→ **What is required**: For this exercise, write out every entry exactly and leave the pictures out.
───── Source material ─────
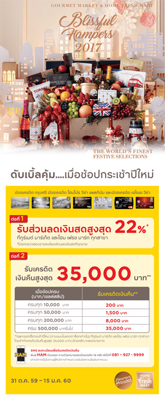 ![]() สถานที่ร่วมรายการ : Gourmet Market และ Home Fresh Mart ระยะเวลาโปรโมชั่น : วันนี้ - 31 มี.ค. 60 | |
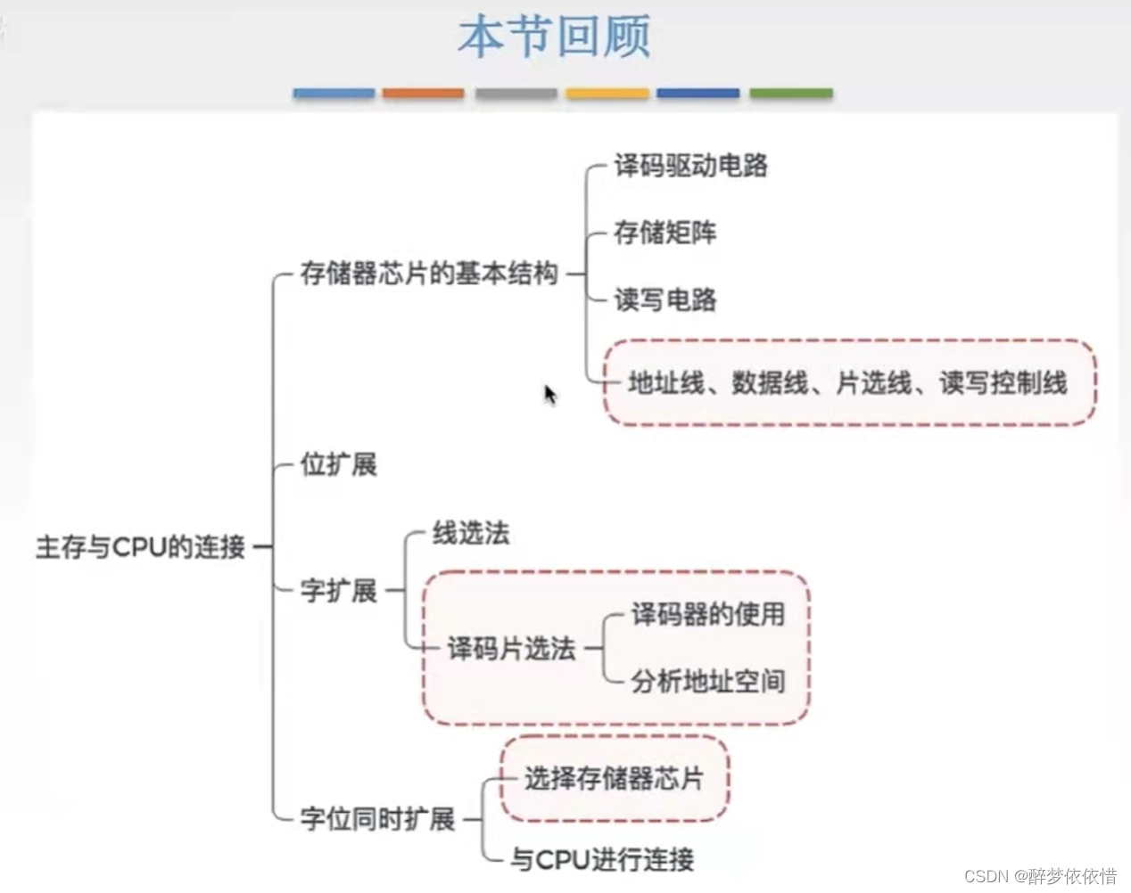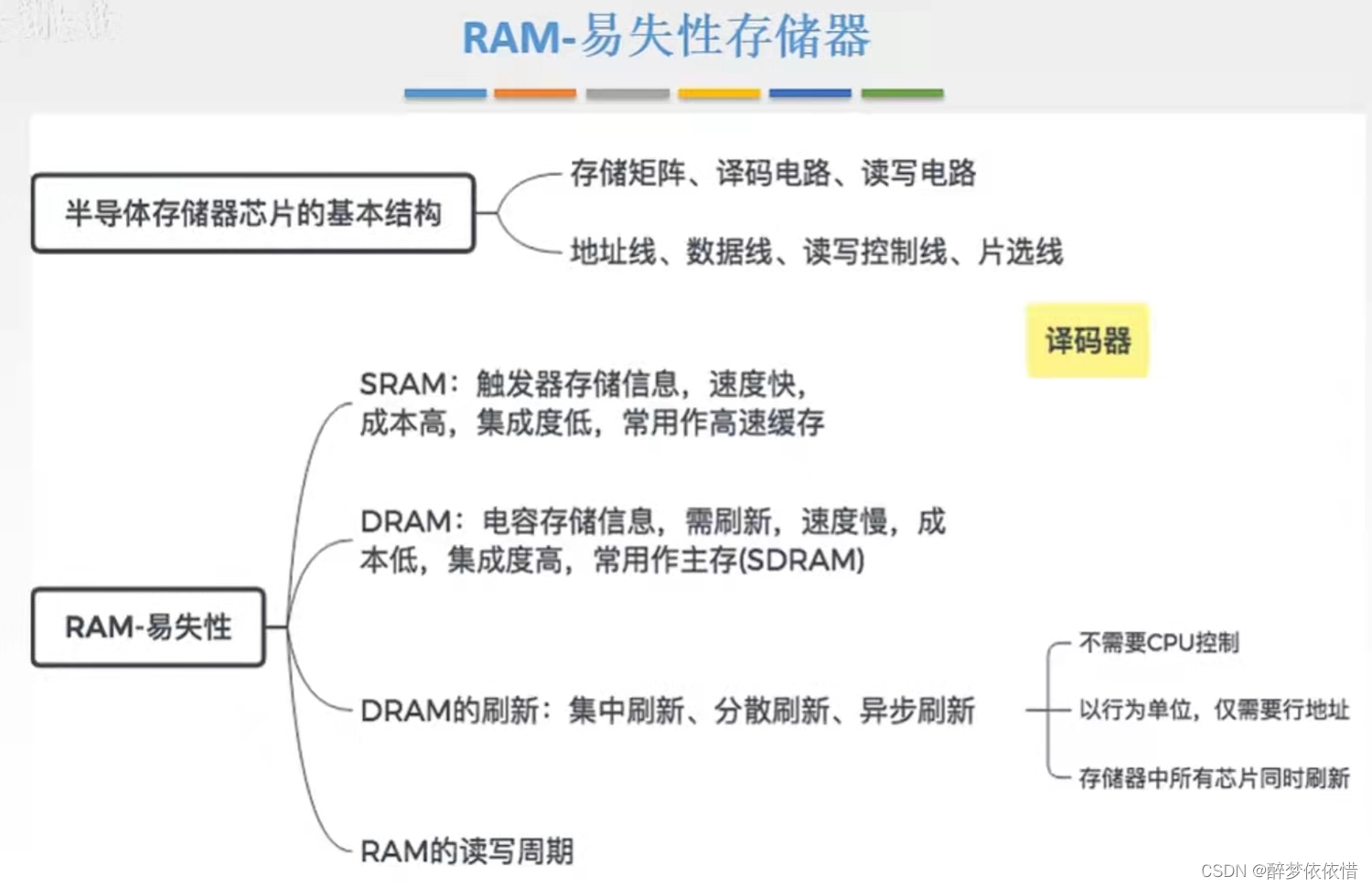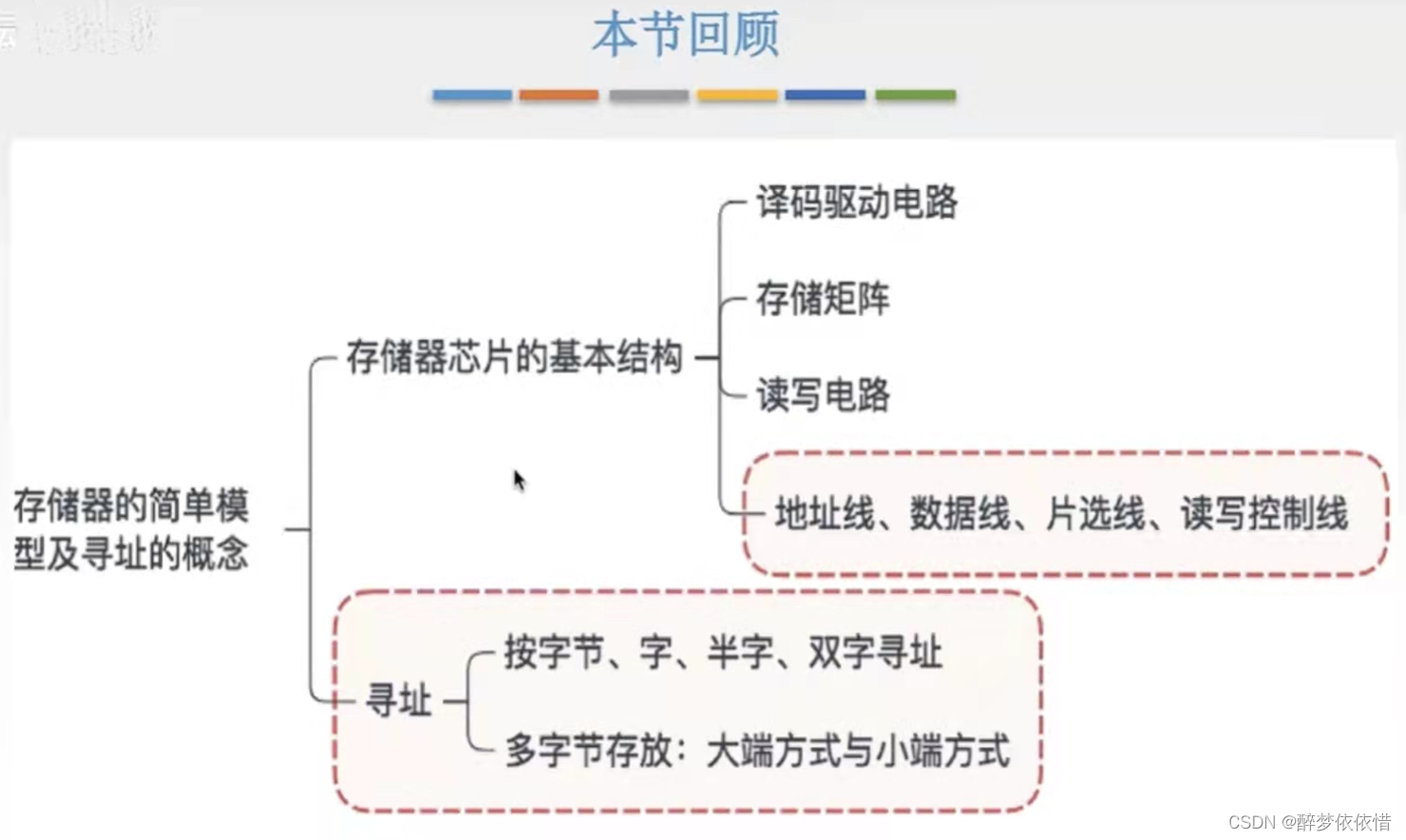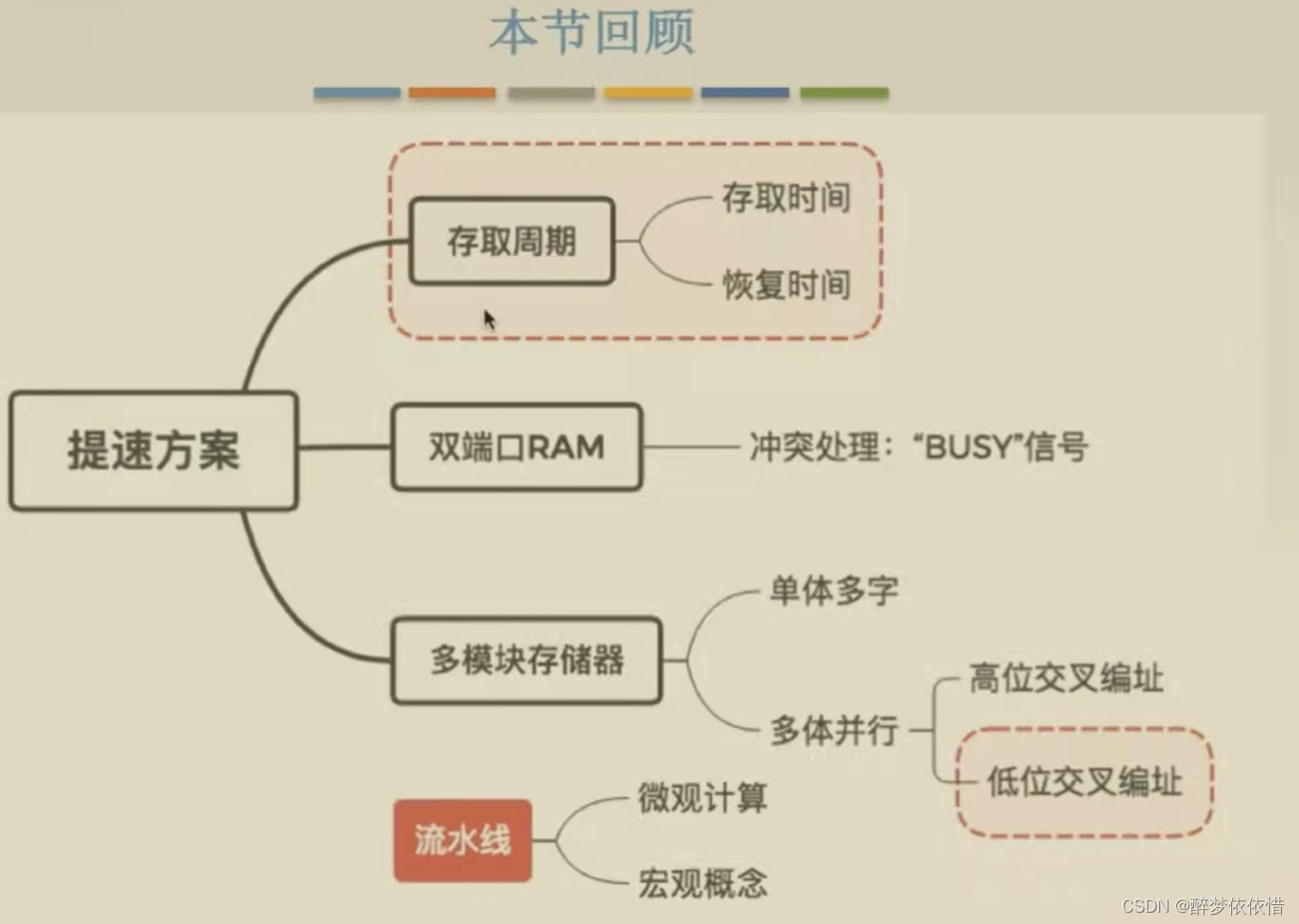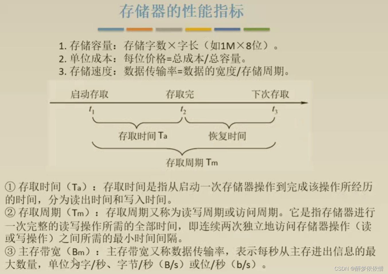 恢复时间:CPU每次访问完存储器,有一段时间内CPU不能再次访问存储器,存储器要过一段时间才能再次被访问,这段时间即称为恢复时间,保证存储器数据的准确性)
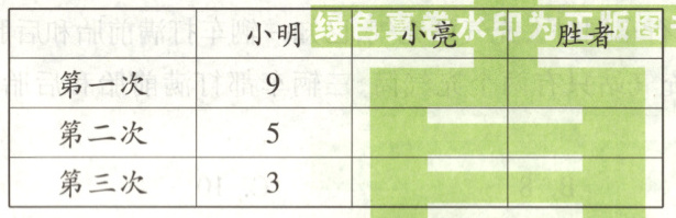 2. 小明和小亮玩“比卡片”游戏。小明的卡片是 3,5,9,小亮的卡片是 2,4,8。两人每次各出 1 张卡片(每张卡片只能出一次),比较两张卡片上数的大小,数大的一方获胜,采用三局两胜制。小明按 9,5,3 的顺序出卡片,小亮要想获胜,他应该怎样出卡片? 请完成下表。(6 分)
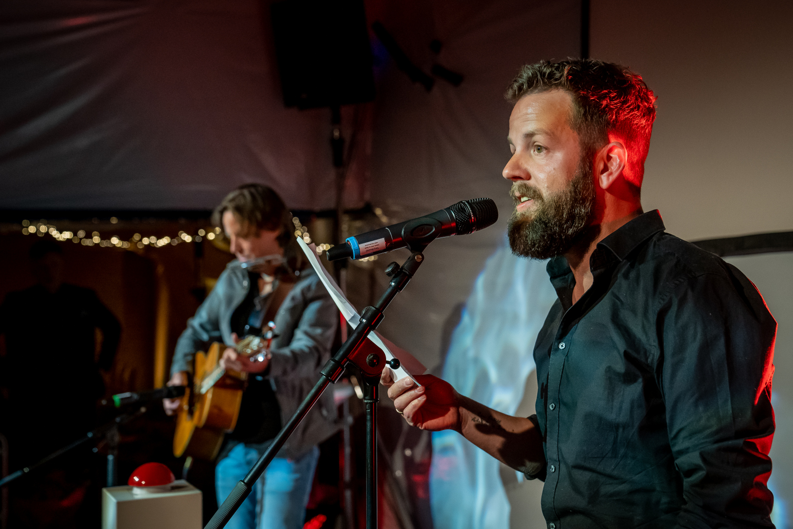 Naast verlichting van het magazijn, hebben wij ook de toegangstunnel verlicht, zodat de bezoekers bij binnenkomst gelijk in een de stemming kwamen en daarnaast nog het geluid verzorgd voor diverse sprekers, acts en artiesten.
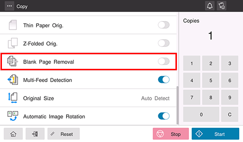 Si se especifica [Eliminar de páginas en blanco] para escanear mediante ADF un original que incluya páginas en blanco, las páginas en blanco se excluirán de los destinos de escaneado. Las páginas en blanco detectadas no se cuentan como páginas del original.
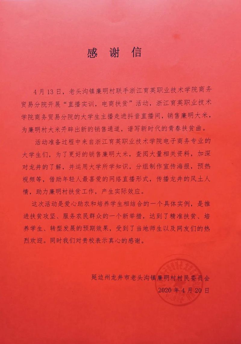 直播活动吸引了学院领导、师生和大量网友的关注,带动了大米的销售。通过努力,在五天的直播实训活动中为廉明村售出1000余公斤大米。“直播实训,电商扶贫”活动得到了龙井市有关部门的关注,当地的“龙井扶贫”公众号对此次直播活动进行报道。廉明村村委领导专门给学院发来感谢信,表达了对此次合作的肯定以及对校园主播们的鼓励。
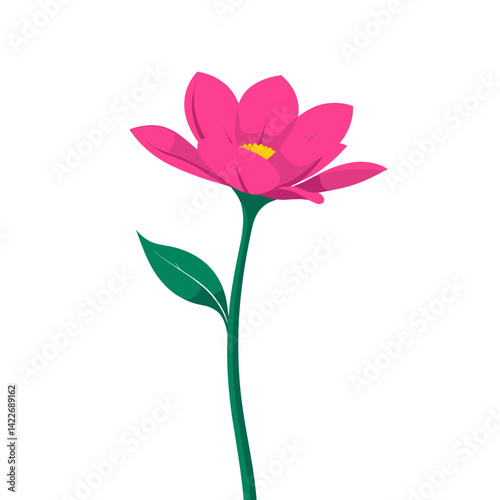 single flower, vibrant color, modern art, graphic design, digital artwork, floral pattern, spring flower, summer flowers, pink flower, design element, textile design, floral pattern, blossom, bloom, stem, leaf
─────
→ **Exercise solution**:
 ![]() สถานที่ร่วมรายการ : Gourmet Market และ Home Fresh Mart ระยะเวลาโปรโมชั่น : วันนี้ - 31 มี.ค. 60 | |
 恢复时间:CPU每次访问完存储器,有一段时间内CPU不能再次访问存储器,存储器要过一段时间才能再次被访问,这段时间即称为恢复时间,保证存储器数据的准确性)
 2. 小明和小亮玩“比卡片”游戏。小明的卡片是 3,5,9,小亮的卡片是 2,4,8。两人每次各出 1 张卡片(每张卡片只能出一次),比较两张卡片上数的大小,数大的一方获胜,采用三局两胜制。小明按 9,5,3 的顺序出卡片,小亮要想获胜,他应该怎样出卡片? 请完成下表。(6 分)
 Naast verlichting van het magazijn, hebben wij ook de toegangstunnel verlicht, zodat de bezoekers bij binnenkomst gelijk in een de stemming kwamen en daarnaast nog het geluid verzorgd voor diverse sprekers, acts en artiesten.
 Si se especifica [Eliminar de páginas en blanco] para escanear mediante ADF un original que incluya páginas en blanco, las páginas en blanco se excluirán de los destinos de escaneado. Las páginas en blanco detectadas no se cuentan como páginas del original.
 直播活动吸引了学院领导、师生和大量网友的关注,带动了大米的销售。通过努力,在五天的直播实训活动中为廉明村售出1000余公斤大米。“直播实训,电商扶贫”活动得到了龙井市有关部门的关注,当地的“龙井扶贫”公众号对此次直播活动进行报道。廉明村村委领导专门给学院发来感谢信,表达了对此次合作的肯定以及对校园主播们的鼓励。
 single flower, vibrant color, modern art, graphic design, digital artwork, floral pattern, spring flower, summer flowers, pink flower, design element, textile design, floral pattern, blossom, bloom, stem, leaf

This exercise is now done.